Arnaldo Otegi propone una 'segunda fase' para retomar el Pacto de Lizarra

El portavoz del Gobierno vasco, Josu Jon Imaz, aseguró ayer que el Ejecutivo de José María Aznar sólo busca que 'España y Euskadi' se den 'la espalda' y 'profundizar en la fractura' entre ambas sociedades. Imaz responsabilizó de esa situación 'exclusivamente' a Aznar. El portavoz salía así al paso de unas declaraciones del ministro del Interior, Mariano Rajoy, quien en una entrevista volvía a repetir la tesis de que el Gobierno vasco 'no ataca el problema de ETA de raíz' al no apoyar la Ley de Partidos para ilegalizar a Batasuna. Por su parte, Arnaldo Otegi, dirigente de esta formación, aseguró que después de la fase de protesta contra la citada ley hay que 'diseñar una segunda fase' para retomar la senda del Pacto de Lizarra.

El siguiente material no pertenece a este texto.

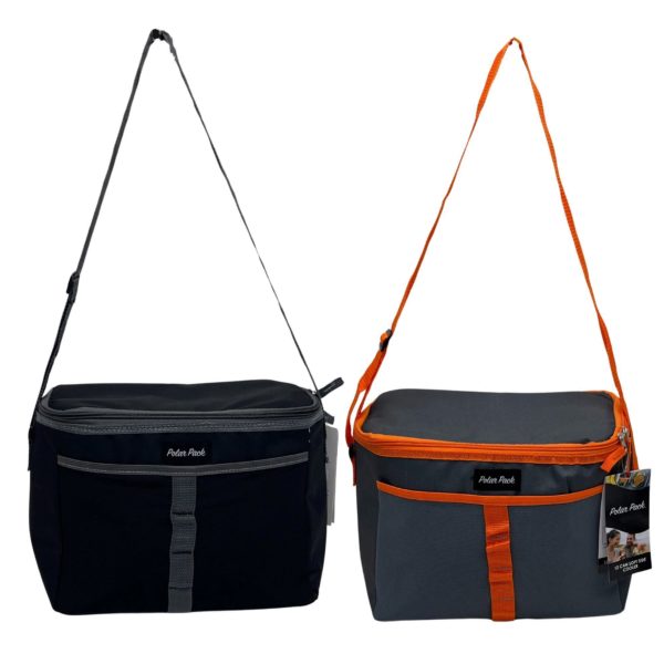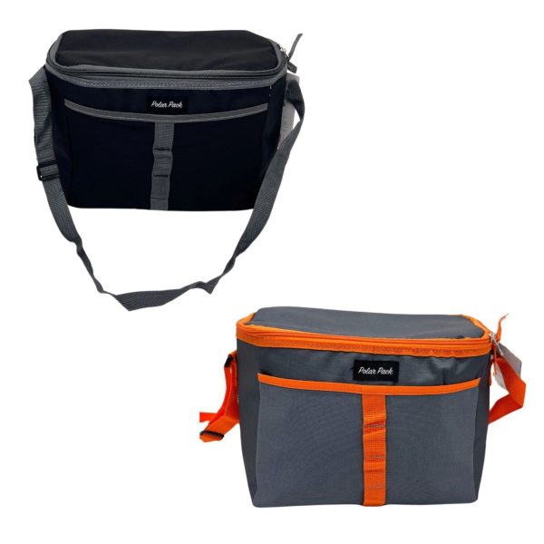Keep food and drinks cool and fresh on the go with the Polar Pack 12 Can Soft Side Cooler, available in 2 assorted color combinations. Designed for maximum convenience, this cooler features a large insulated main compartment that easily accommodates up to 12 cans, a secure top zipper closure to maintain temperature, and a front mesh pocket ideal for holding utensils or snacks. Its adjustable shoulder strap ensures comfortable carrying, making it perfect for lunches, beach trips, picnics, or workdays. With its durable build and stylish two-tone design, this cooler combines functionality with modern appeal.,Polar Pack 12 Can Cooler in Assorted Colors,
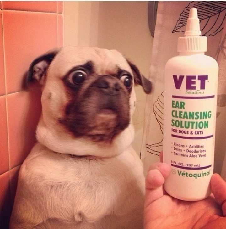 32) This dog may feel relieved when realizes that bottle is only going into his ears.
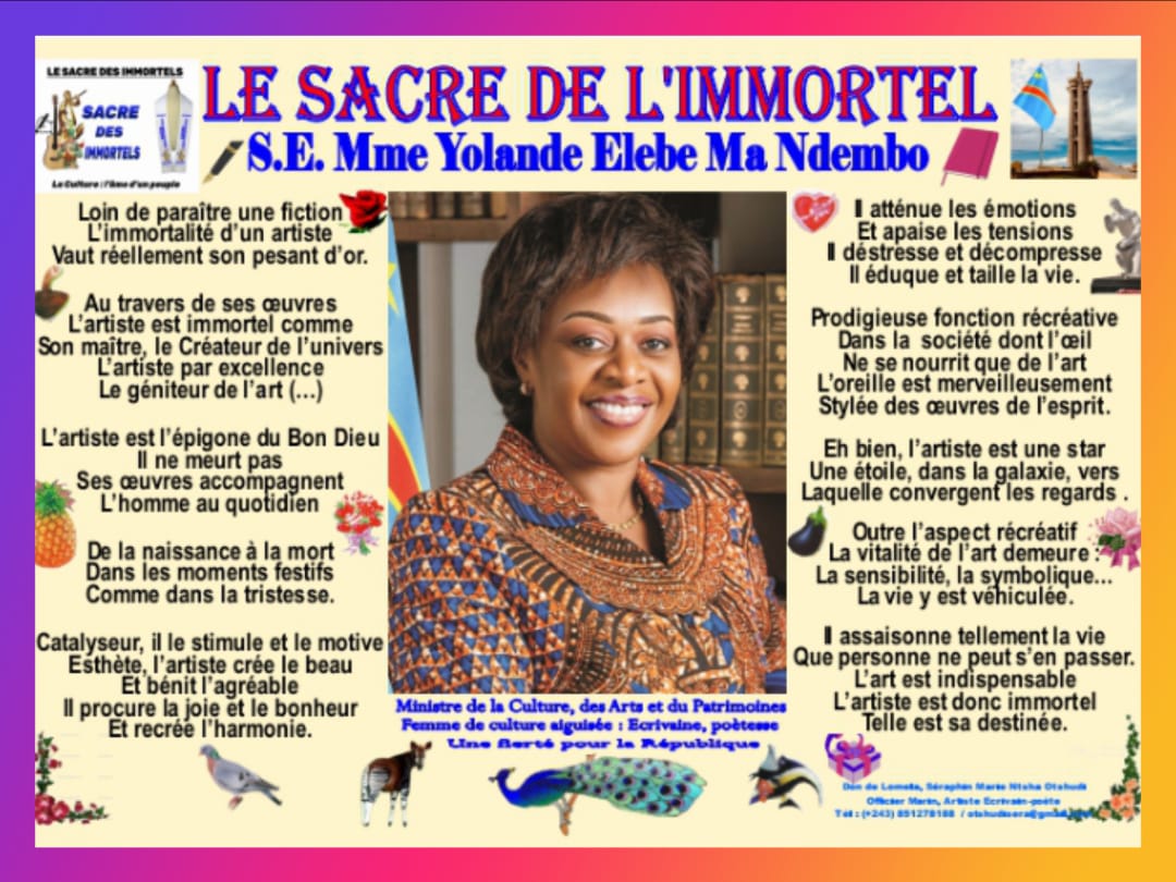 Le Sacre de l’Immortel, prestigieuse distinction culturelle, a été attribué à Mme Yolande Elebe Ma Ndembo, poétesse de renom et actuelle Ministre de la Culture, des Arts et du Patrimoine.

La aprobación de la Ley de Partidos y su posterior publicación en el Boletín Oficial del Estado el pasado sábado no han producido sino una cascada de declaraciones entrecruzadas que demuestra la división existente entre los partidos y la separación creciente entre los Gobiernos central y vasco. Todos los argumentos están ya encima de la mesa y cada parte o portavoz no hace sino repetirlos.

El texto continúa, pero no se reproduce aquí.